As expected, a majority of the perovskites have the ideal cubic structure.

Classifying Cubic versus Non-Cubic Structures:#

For simplicity, let’s first consider the problem of classifying cubic versus non-cubic structures. This is a simple binary classification task that we can solve using the binary perceptron model we learned about previously.
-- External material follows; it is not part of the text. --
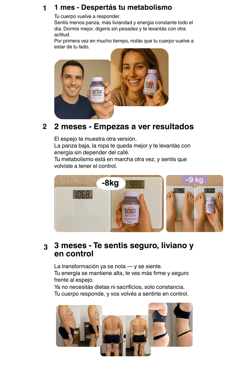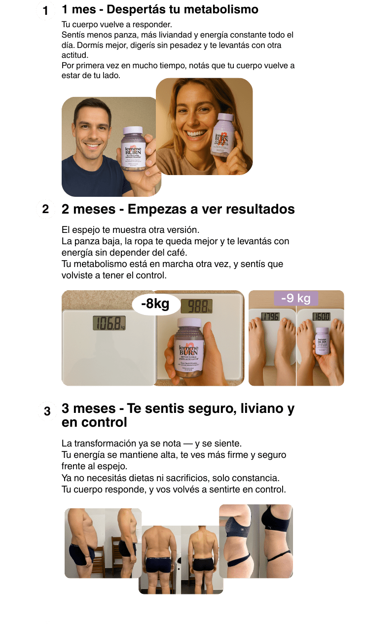 Lemme Burn es un activador metabólico natural diseñado para ayudar a tu cuerpo a volver a quemar grasa, eliminar hinchazón y recuperar energía sin depender de cafeína ni dietas extremas.

Let’s start by removing the data entries with unknown structure (-) and assigning values of 1 to cubic structures and -1 to non-cubic structures:

Hide code cell source
# determine the indices of unlabeled  data:
clean_data_idxs = (structures != '-')

# remove unlabeled data from features:
clean_features = features[clean_data_idxs]
clean_structures = structures[clean_data_idxs]

# assign binary classifier labels +1/-1 for cubic/non-cubic:
binary_classifier_labels = np.array([
    1 if struct == 'cubic' else -1
    for struct in structures
])

print('Features shape:', clean_features.shape)
print('Binary classifier labels shape:', binary_classifier_labels.shape) 
Features shape: (5276, 3)
Binary classifier labels shape: (5329,)

Let’s visualize what the cubic versus non-cubic data looks like with respect to electronegativity (A and B):

Hide code cell source
# separate out cubic and non-cubic data:
cubic_data = features[binary_classifier_labels == 1]
noncubic_data = features[binary_classifier_labels == -1]

# plot EN(A), EN(B) for cubic and non-cubic data:
plt.figure()
plt.scatter(cubic_data[:,0], cubic_data[:,1], s=3.0, label='Cubic')
plt.scatter(noncubic_data[:,0], noncubic_data[:,1],s=3.0, label='Non-Cubic')
plt.xlabel('EN(A)')
plt.ylabel('EN(B)')
plt.legend()
plt.show()
../_images/7e60a22eb4f0063502d44aff3e7ce7d9d49d945e4070aee1a2028639c6ccf1ac.png

Since the electronegativity generally increases with the group and decreases with the period of elements on the periodic table, it serves as a good numerical quantity to associate with each element. This is why we observe a grid-like distribution of the data. From glancing at the distribution of cubic versus non-cubic materials, it appears that there is no immediately identifiable trend.

Let’ also look at how the cubic and non-cubic structures are distributed with respect to the Goldschmidt tolerance factor \(t_G\):

Hide code cell source
# define the histogram "bins" used to visualize the t_G distribution:
hist_bins = np.linspace(np.min(goldschmidt_tolerance), 
                        np.max(goldschmidt_tolerance), 51)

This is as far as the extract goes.